Prososyal davranışlarda bulunan kişiler, iyi bir şey yapmış olmanın verdiği kıvanç ve onur duygusunu yaşamaktadır. Bu da bireyin öz-saygısını, kendisinden hoşnutluğunu artırmaktadır. Bunların dışında, iyilik yapmak yüksek düzeyde bir manevi tatmin sağlar ve kişi anlamlı ve değerli bir şey yaptığı duygusuyla dolar. Yine iyilik davranışları sergilendiğinde pozitif bir hava oluşur ve beynimiz bu durumu ‘her şey yolunda’ şeklinde algılar. Prososyal davranışların bu olumlu etkilerinden dolayı, günümüzde terapistler danışanlarına düzenli iyilik davranışlarında bulunmayı önermektedir. Çünkü iyilik yapmak mutluluğu ve sevinci artırmanın yanında, bireylerin depresif ve kaygılı ruh hallerine de iyi gelmektedir.
İyilik yapmak sosyal ilişkileri de geliştirebilmektedir. İyilik yapan, besleyici ilişki tarzına sahip kişiler, diğer insanlar tarafından daha çok sevilir ve tercih edilirler. İyiliksever bir kişi olmak yalnızca normal arkadaşlıklarda değil, romantik ilişkilerde de avantaj sağlar. Nitekim araştırmalar, nezaket sahibi ve yardımsever birisi olmanın çekiciliği artırdığını ortaya koymuştur. Bunun tam tersi olarak, öfkeli, bencil, saldırgan yani bir bakıma zehirleyici ilişki tarzına sahip kişiler ise sevilmezler ve çevreleri tarafından istenmezler. Bu durum da sosyal destekten yoksun kalmaya, yalnızlığa ve değersizliğe yol açar.
Konu ile ilgili araştırmalar, iyilik yapmanın kan basıncını ve kortizol seviyesini düşürme, inflamasyonu ve ağrıyı azaltma gibi fiziksel sağlığı ölçülebilir düzeyde, olumlu yönde etkilediğini ortaya koymaktadır. Yaşlılar üzerinde yapılan bir araştırma sonucuna göre, düzenli gönüllülük faaliyetlerinde bulunmanın yaşlılarda ölüm riskini dörtte bir oranında azalttığı görülmüştür. Başka bir çalışmada da iyilik amaçlı olarak başkalarına para harcamanın, yüksek tansiyon hastası yaşlı bireylerin kalp-damar sağlıklarını olumlu etkilediği ortaya konulmuştur. Yine bir başka araştırmada, iyilik yapmayı alışkanlık haline getirmenin gen ifadesinin düzenlenmesini de olumlu yönde etkilediği ve değiştirdiği anlaşılmıştır. Prososyal davranışlarda bulunduğumuzda, vücudumuz oksitosin salgılamaktadır. Bu hormon, kalp hastalıklarından korunmaya yardımcı olabilecek anti-inflamatuar özelliklere sahiptir. Oksitosin, ayrıca huzur ve sakinlik duygusu yaratır, acıyı azaltır ve bağışıklık sistemini güçlendirir. Bundan dolayı aşk ya da ilişki hormonu gibi adlarla anılmasının yanında “kalp koruyucu” olarak da adlandırılmaktadır.
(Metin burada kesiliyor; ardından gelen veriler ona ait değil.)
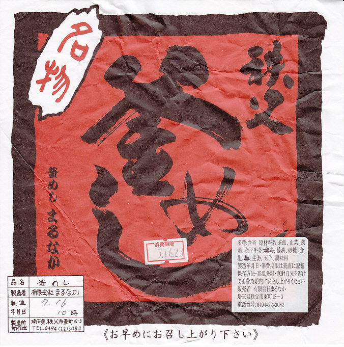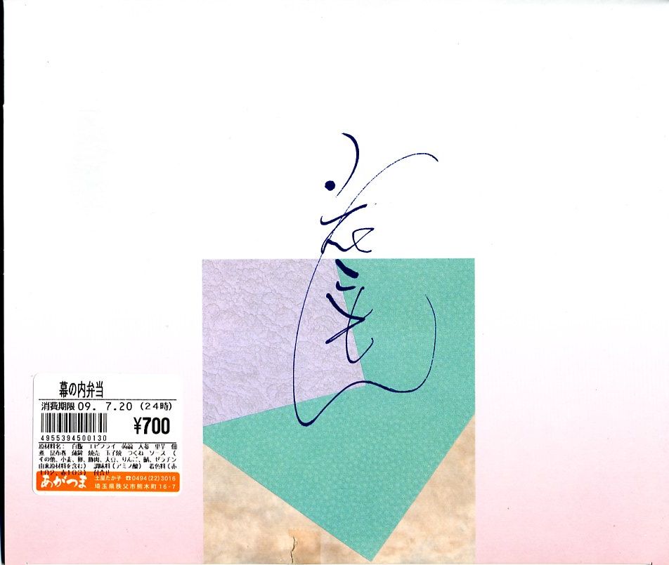 2009(平成21)年7月20日に購入した、西武秩父駅弁の掛紙。現在と絵柄は変わらないが、注意書きや調製情報の位置や内容が異なる。容器と中身は2015年のものと同じであった。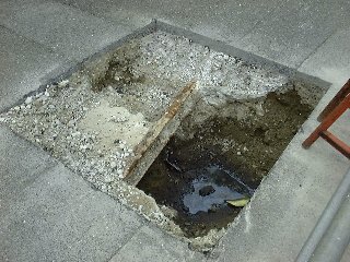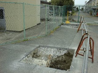 | 工事であいた地中から見える線路。 | その線路の先を見るとフェンスにも線路の型が・・。 |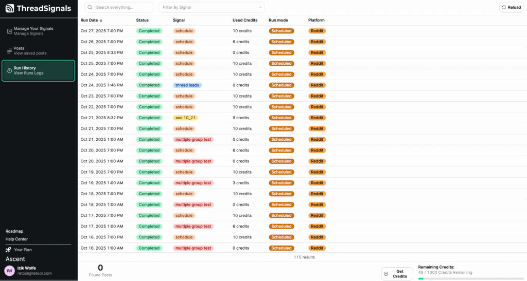 Your Run History doesn’t just show when Signals ran—it helps you understand how well each Signal is performingand how efficiently your credits are being used.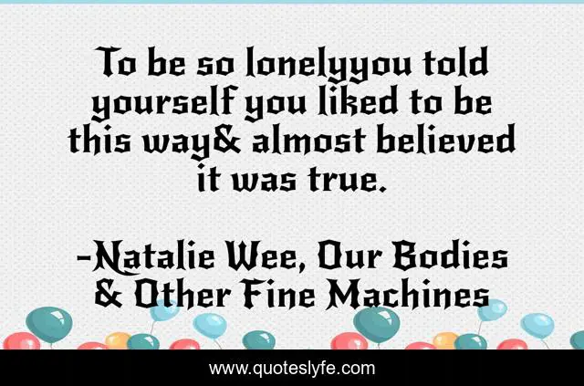 "Natalie Wee, Our Bodies & Other Fine Machines Quotes." Quoteslyfe.com, 2025. Fri. 05 Dec. 2025. <https://www.quoteslyfe.com/quote/To-be-so-lonelyyou-told-yourself-you-138916>.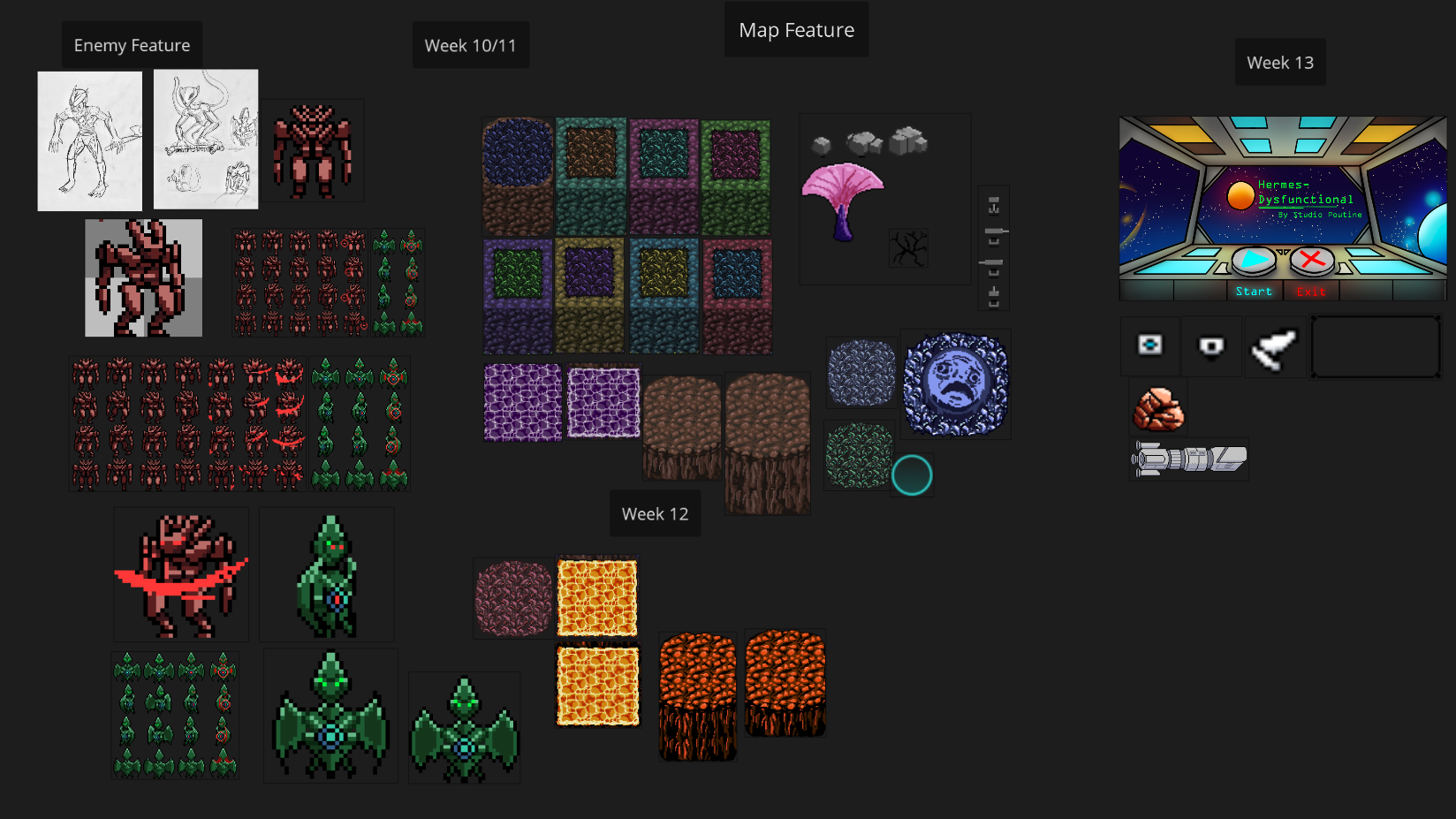 My role was to create sprite work, concept art, the main menu, and the end screen. I made all of the sprite work, excluding the UI.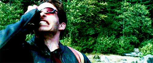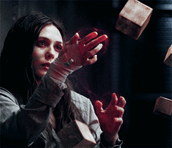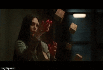 Did you see the star pentagram in the second gif? Classic. I'm sure some of you have caught on by now, but you can clearly see how Cyclops and Phoenix (Jean Grey) have kind of been combined to create the movie version of Wanda Maximoff. Her powers literally are a combination of both of theirs. The reddish energy is an extension and representation of her telepathy and telekinesis. Any time she is exuding that energy, it is really her mental powers. This is VERY similar to what the Phoenix effect of Jean Grey does in the comics. However, in S.W.'s case, it is a red energy that looks very much looks like Cyclops' optic blasts. The movie version of Scarlet Witch is clearly a combination of Cyclops and Jean Grey in terms of her powers. Her telepathy and telekinesis is like Jean Grey's, and it is expressed through red energy that looks exactly like Cyclops' energy blasts.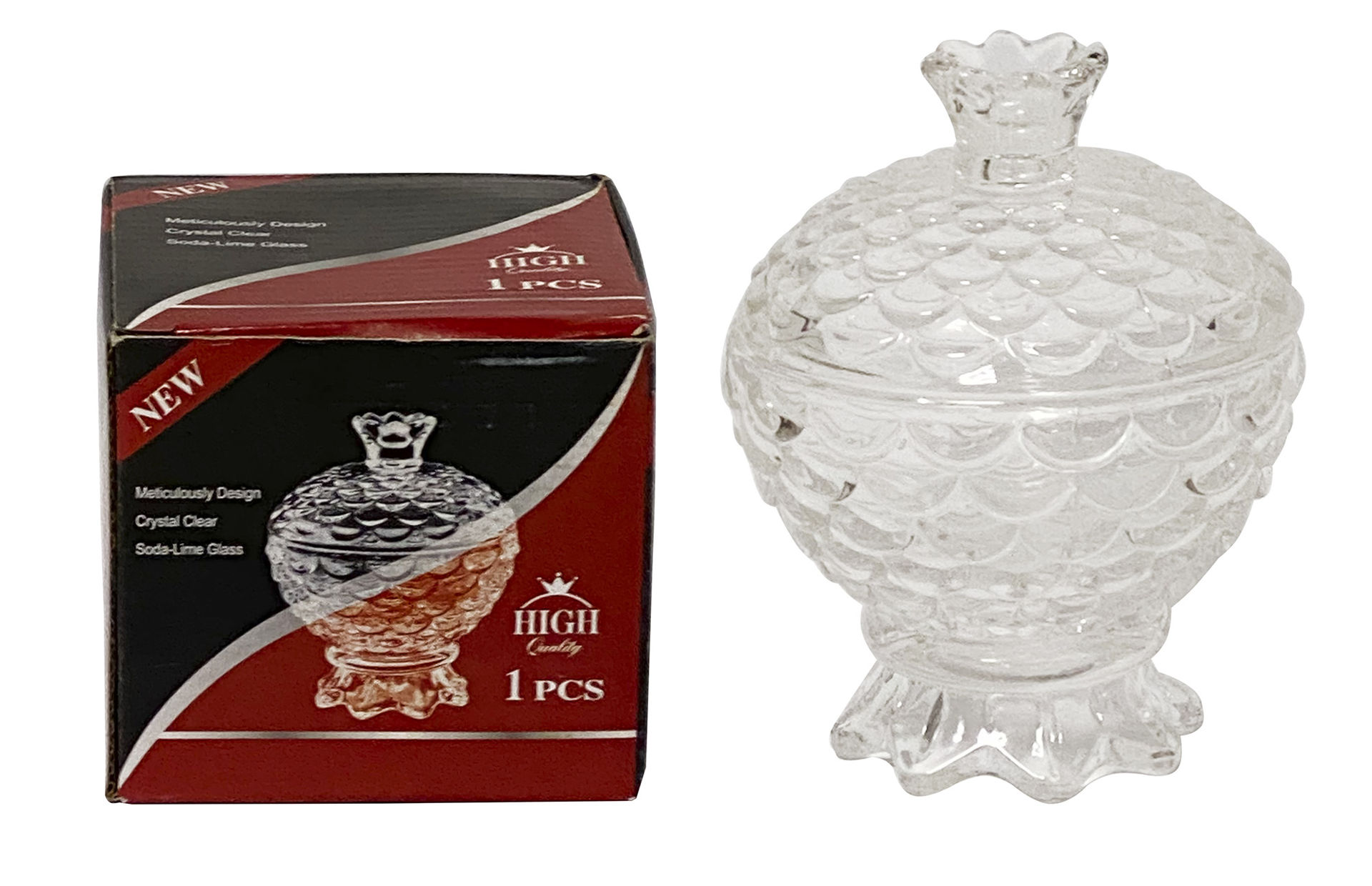 CARAMELERA VIDRIO LABRADO T/PIÑA C/TAPA Y PIE 9X11.5CM 24779 Q48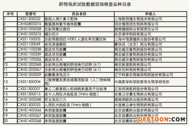 5月4日,國家食品藥品監(jiān)督管理總局食品藥品審核查驗(yàn)中心官網(wǎng)發(fā)布藥物臨床試驗(yàn)數(shù)據(jù)現(xiàn)場核查計(jì)劃公告(第2號)。公告稱,根據(jù)《國家食品藥品監(jiān)督管理總局藥物臨床試驗(yàn)數(shù)據(jù)核查工作程序(暫行)》(食藥監(jiān)藥化管〔2016〕34號)要求,計(jì)劃對重組人凋亡素2配體等20個(gè)藥物臨床試驗(yàn)數(shù)據(jù)自查核查品種(詳見附件)開展現(xiàn)場核查,現(xiàn)予公示。公示期為10個(gè)工作日,即2016年5月4日至2016年5月17日。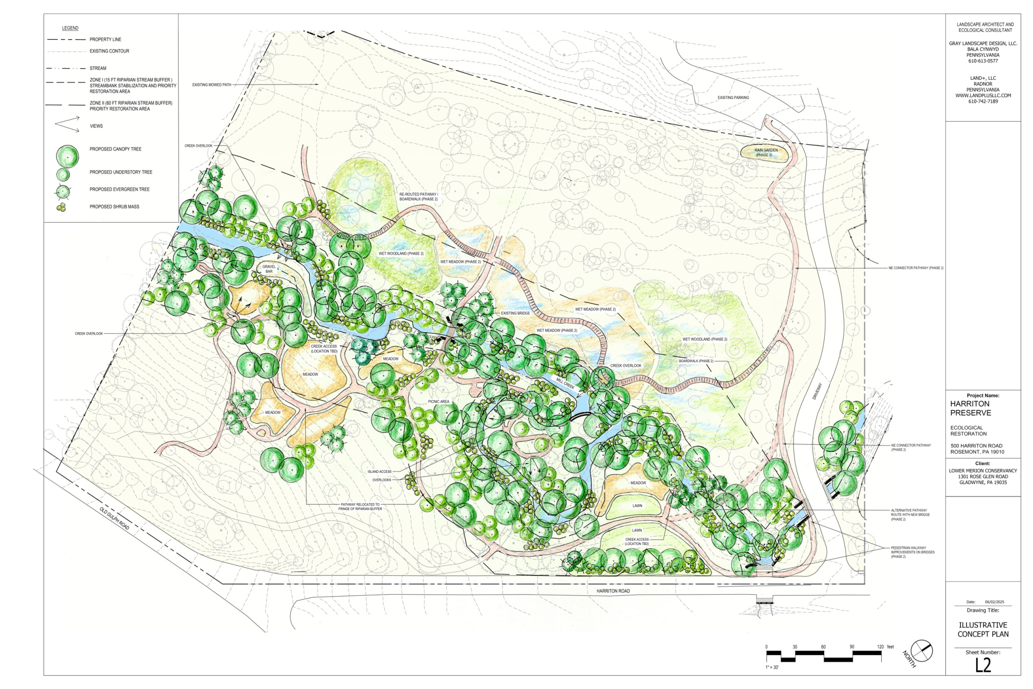 The plants we are putting in will help restore what was lost, creating ecological benefits at the Preserve and serving as an example for other streamside properties. We will share updates as the project progresses. Here is the concept plan from Gray Landscape Design, LLC: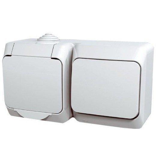 Priza schuko + intrerupator simplu PT IP44 alb Schneider Cedar WDE000500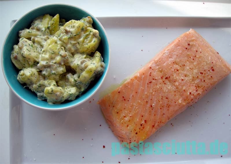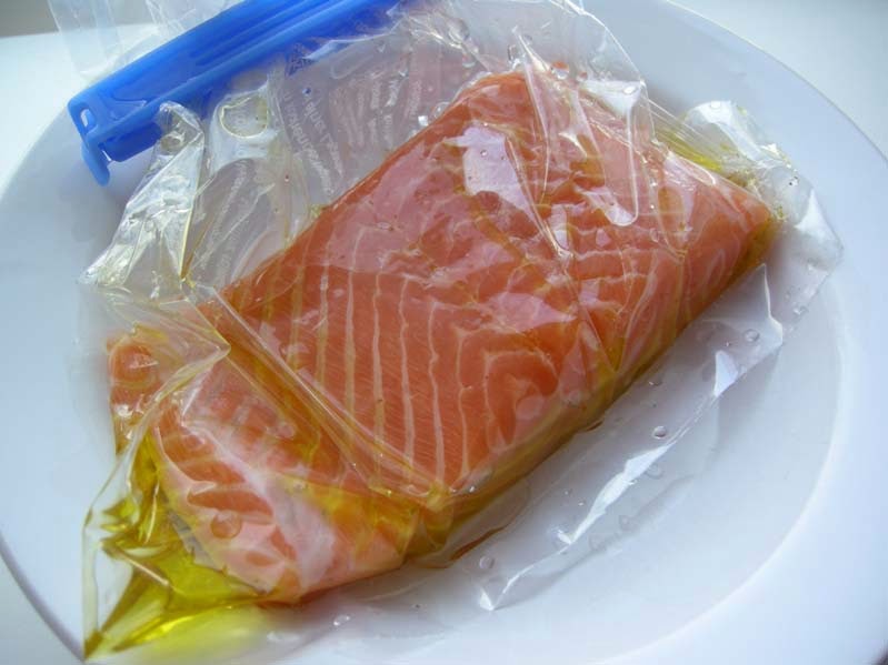 Der Lachs hat sich aber auch gefreut. So sehr, dass er in die Tüte musste, mit etwas Olivenöl. Die Tüte drückt man in einen großen Topf mit Wasser, so dass die Öffnung noch heraus schaut. Dann entweicht die Luft aus dem Beutel und man kann den Beutel mit einem Vakuumclip verschließen. Ist dann vielleicht nicht ganz Sous vide aber immerhin vide. – Für den Lachs reicht das vollkommen. Das Wasser in dem Topf erhitze ich auf 45°C. Die Temperatur muss ich mit einem Thermometer beobachten und zur Korrektur halte ich ein bisschen heißes und kaltes Wasser bereit. Der Lachs darf nun in seinem Beutel 15 Minuten schwimmen.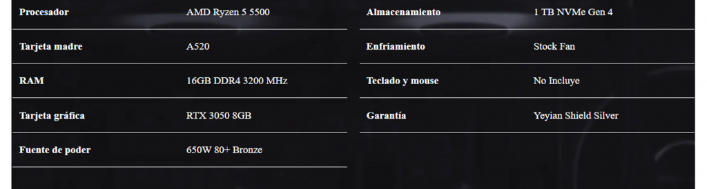 PC GAMER YEYIAN VAULT RYZEN 5 16GB 1TB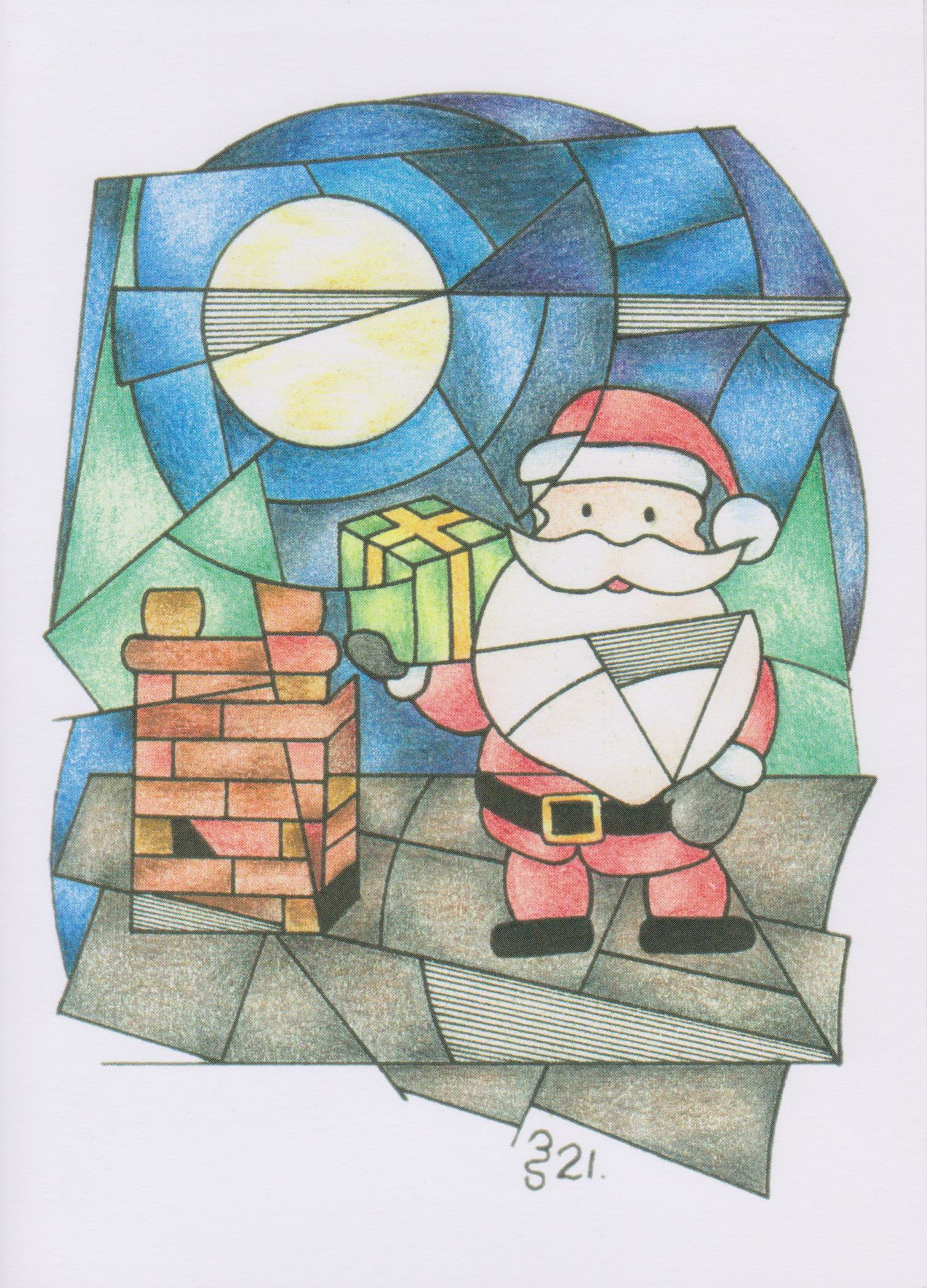 Here, in Steve Woodhams’ own style is a delightful Cubist Christmas card design featuring a fun-looking Santa, laden with gifts and about to descend the chimney.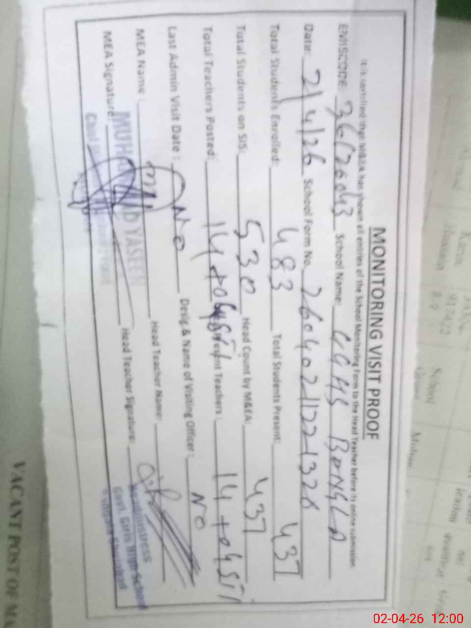 | Certified that this School was Inspected by the Undersigned MEA/DMO Today and the Information Stated Above is as Per Record. | |||||
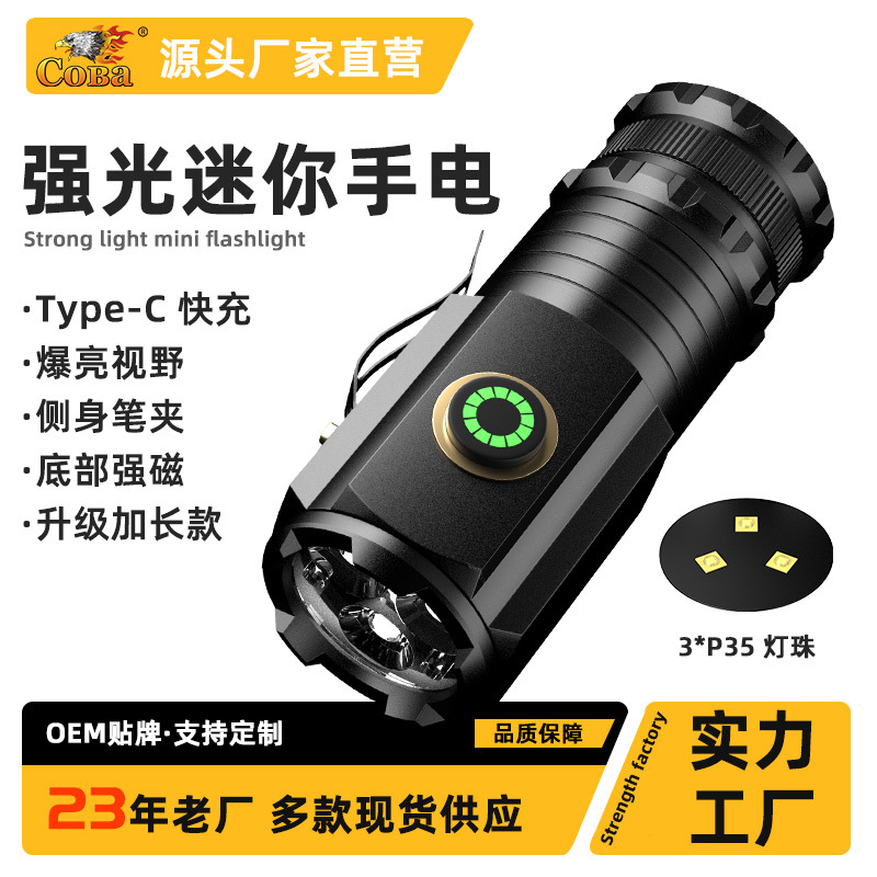 ディザトーンアマゾン小型多機能type-c充電キャップランプ3個p35強光電球磁石懐中電灯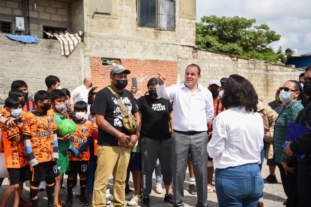 El gobernador Cuauhtémoc Blanco Bravo anunció que se llevarán a cabo obras para mejorar la infraestructura de una cancha de usos múltiples en la colonia La Huizachera y un campo de futbol en Lomas de Jiutepec.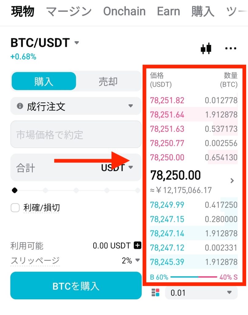 ピンク色と水色の数字が並んでいる部分です。ピンク(78,251.82など)が売り注文、水色(78,249.99など)が買い注文を表しています。

Yardımseverliğin ve nezaketin yaygın olduğu toplumlarda hem yaşam kalitesi hem de mutluluk düzeyi yüksek olur. Böyle toplumlarda insanlar kendilerini güvende hisseder, yaşadıkları topluma güçlü bir aidiyet duyar ve onun gelişimi için çaba gösterirler. İyiliğin egemen olduğu bir sosyal ortamda bireyler yoğun bir sosyal ve duygusal destek görür, bu da yalnızlık ve izolasyon hissini büyük ölçüde azaltır. Bireysel mutluluk kadar toplumsal mutluluk da önemlidir. Toplumsal mutluluğu artırmanın yolu da iyilik davranışlarını çoğaltmaktan geçer.